◆ Required action ◆
Would you retype the listing word for word, skipping its pictures?

** Opening Input data block **

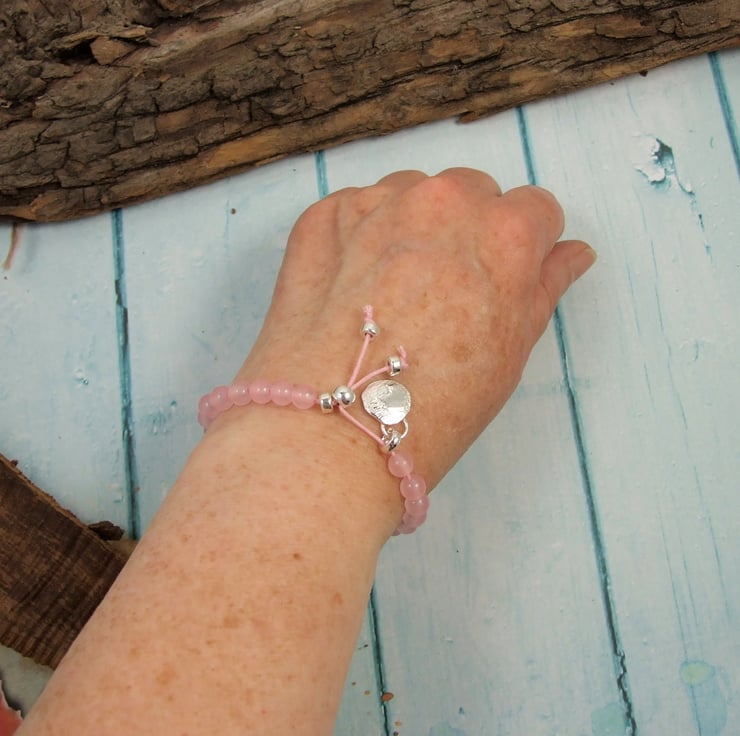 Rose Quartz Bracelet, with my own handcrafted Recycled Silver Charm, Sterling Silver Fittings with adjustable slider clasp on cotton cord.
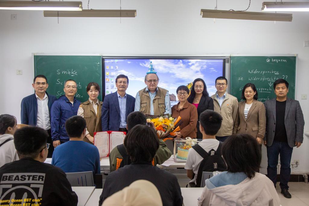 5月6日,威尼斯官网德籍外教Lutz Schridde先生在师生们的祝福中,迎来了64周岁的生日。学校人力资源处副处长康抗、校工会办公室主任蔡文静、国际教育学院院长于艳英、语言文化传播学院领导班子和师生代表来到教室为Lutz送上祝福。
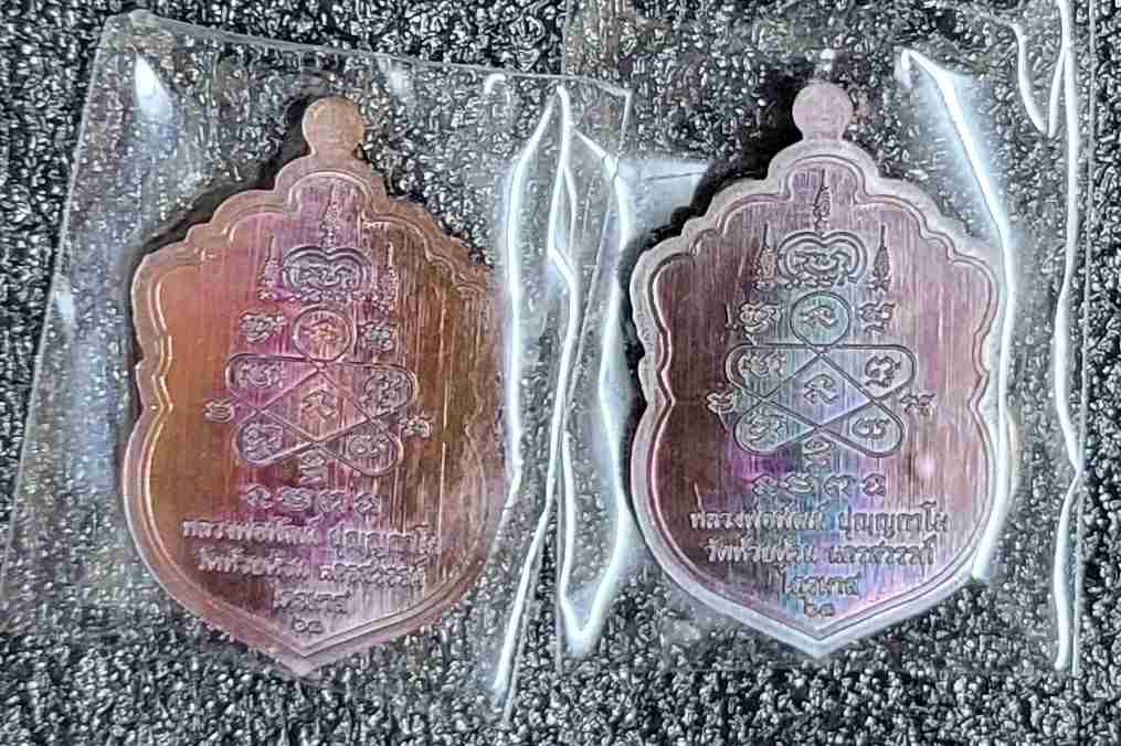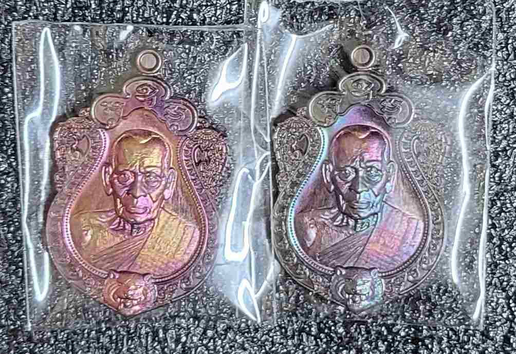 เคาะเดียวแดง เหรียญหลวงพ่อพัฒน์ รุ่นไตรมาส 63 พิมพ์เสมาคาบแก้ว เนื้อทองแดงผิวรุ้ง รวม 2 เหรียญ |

** Closing Input data block **

◆ Output for this exercise ◆
 Rose Quartz Bracelet, with my own handcrafted Recycled Silver Charm, Sterling Silver Fittings with adjustable slider clasp on cotton cord.
 5月6日,威尼斯官网德籍外教Lutz Schridde先生在师生们的祝福中,迎来了64周岁的生日。学校人力资源处副处长康抗、校工会办公室主任蔡文静、国际教育学院院长于艳英、语言文化传播学院领导班子和师生代表来到教室为Lutz送上祝福。
 เคาะเดียวแดง เหรียญหลวงพ่อพัฒน์ รุ่นไตรมาส 63 พิมพ์เสมาคาบแก้ว เนื้อทองแดงผิวรุ้ง รวม 2 เหรียญ |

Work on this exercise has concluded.